WHAT THE EXERCISE ASKS: Leave the pictures out, and transcribe the material below exactly from the line with "奋斗正当时,逐梦向未来。全体" to the line with "QLTYPRI ケース iPhone", both lines included.

Start of SOURCE INFORMATION

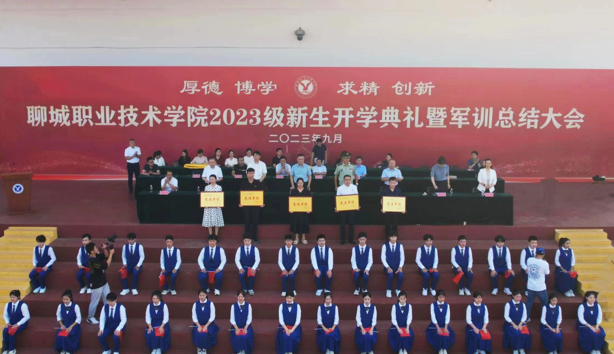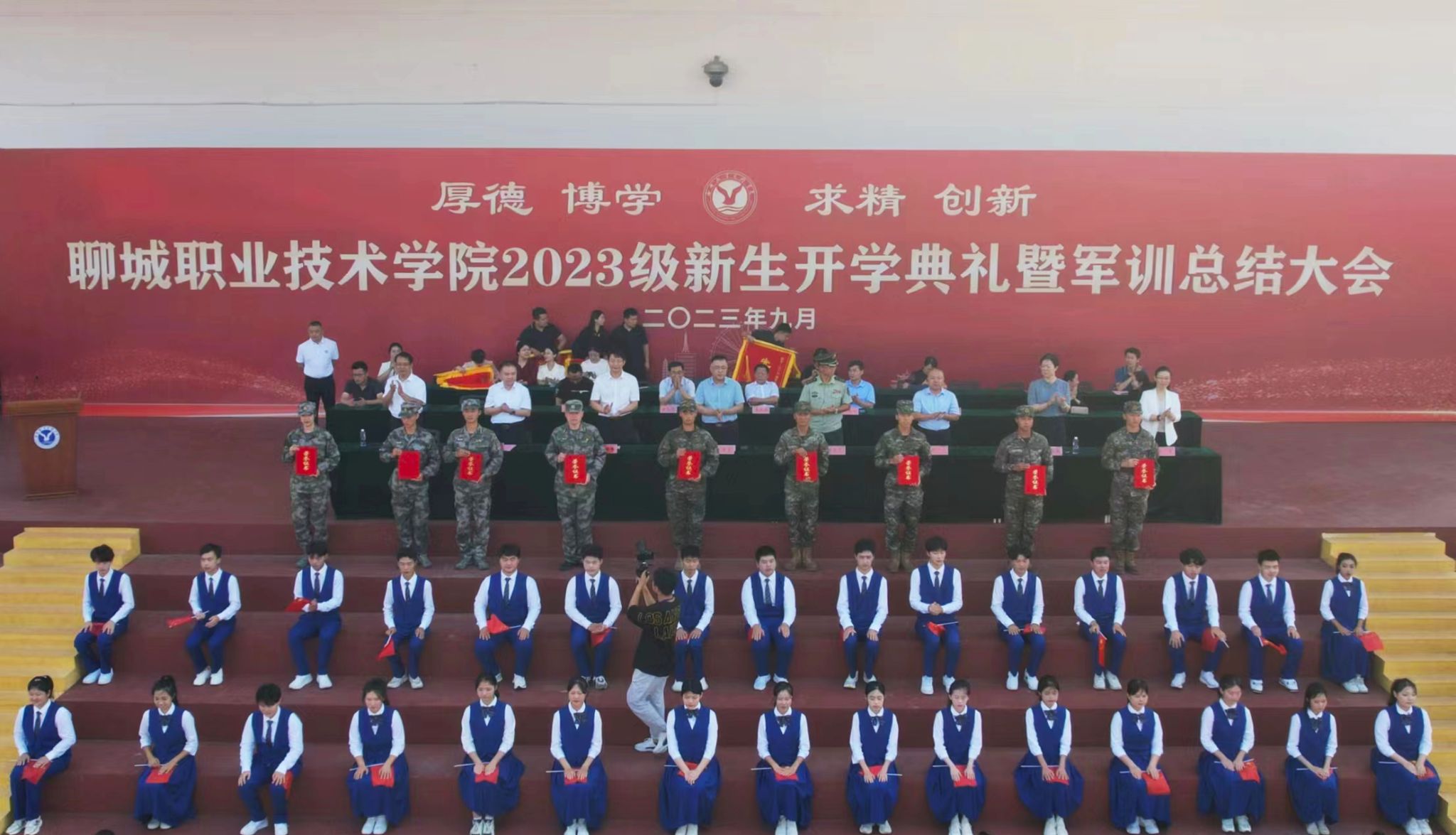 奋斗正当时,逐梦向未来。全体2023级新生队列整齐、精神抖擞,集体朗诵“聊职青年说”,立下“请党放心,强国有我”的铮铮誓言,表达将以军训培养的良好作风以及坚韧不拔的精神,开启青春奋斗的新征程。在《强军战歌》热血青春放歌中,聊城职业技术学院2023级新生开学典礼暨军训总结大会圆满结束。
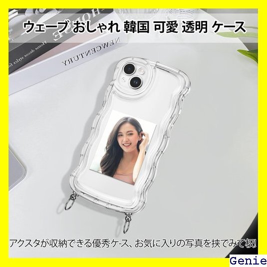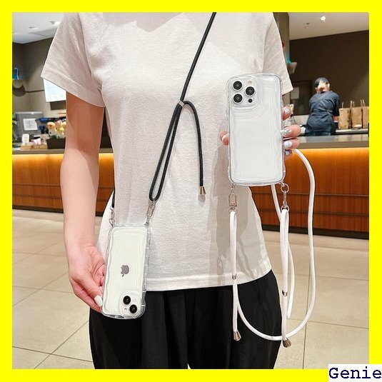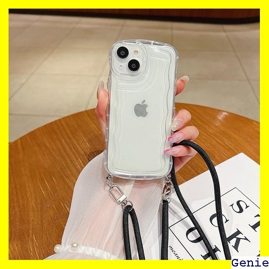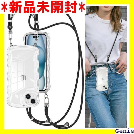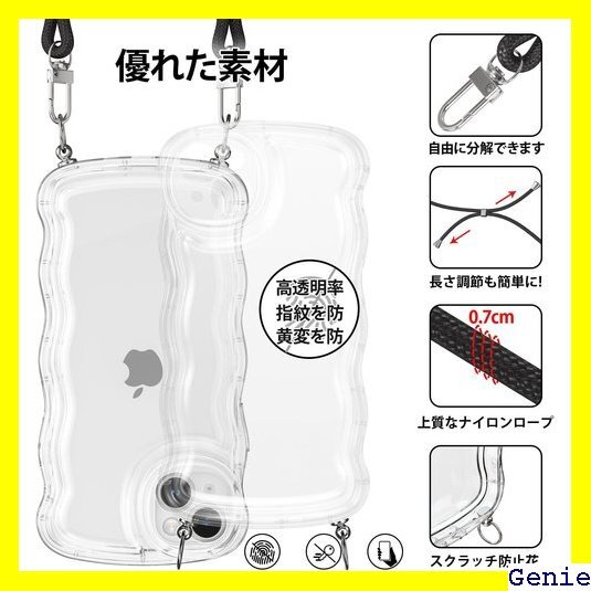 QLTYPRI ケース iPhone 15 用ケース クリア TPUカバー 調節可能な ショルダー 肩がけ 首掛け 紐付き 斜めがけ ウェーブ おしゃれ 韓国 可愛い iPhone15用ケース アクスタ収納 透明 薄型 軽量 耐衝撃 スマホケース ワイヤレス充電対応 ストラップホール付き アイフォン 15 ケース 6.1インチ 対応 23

End of SOURCE INFORMATION
Start of SOURCE INFORMATION

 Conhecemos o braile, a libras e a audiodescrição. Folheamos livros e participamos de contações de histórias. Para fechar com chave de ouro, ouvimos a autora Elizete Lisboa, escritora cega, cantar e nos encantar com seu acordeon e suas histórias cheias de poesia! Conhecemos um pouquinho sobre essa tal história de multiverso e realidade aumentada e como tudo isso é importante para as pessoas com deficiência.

End of SOURCE INFORMATION

ANSWER BOX:
 奋斗正当时,逐梦向未来。全体2023级新生队列整齐、精神抖擞,集体朗诵“聊职青年说”,立下“请党放心,强国有我”的铮铮誓言,表达将以军训培养的良好作风以及坚韧不拔的精神,开启青春奋斗的新征程。在《强军战歌》热血青春放歌中,聊城职业技术学院2023级新生开学典礼暨军训总结大会圆满结束。
 QLTYPRI ケース iPhone 15 用ケース クリア TPUカバー 調節可能な ショルダー 肩がけ 首掛け 紐付き 斜めがけ ウェーブ おしゃれ 韓国 可愛い iPhone15用ケース アクスタ収納 透明 薄型 軽量 耐衝撃 スマホケース ワイヤレス充電対応 ストラップホール付き アイフォン 15 ケース 6.1インチ 対応 23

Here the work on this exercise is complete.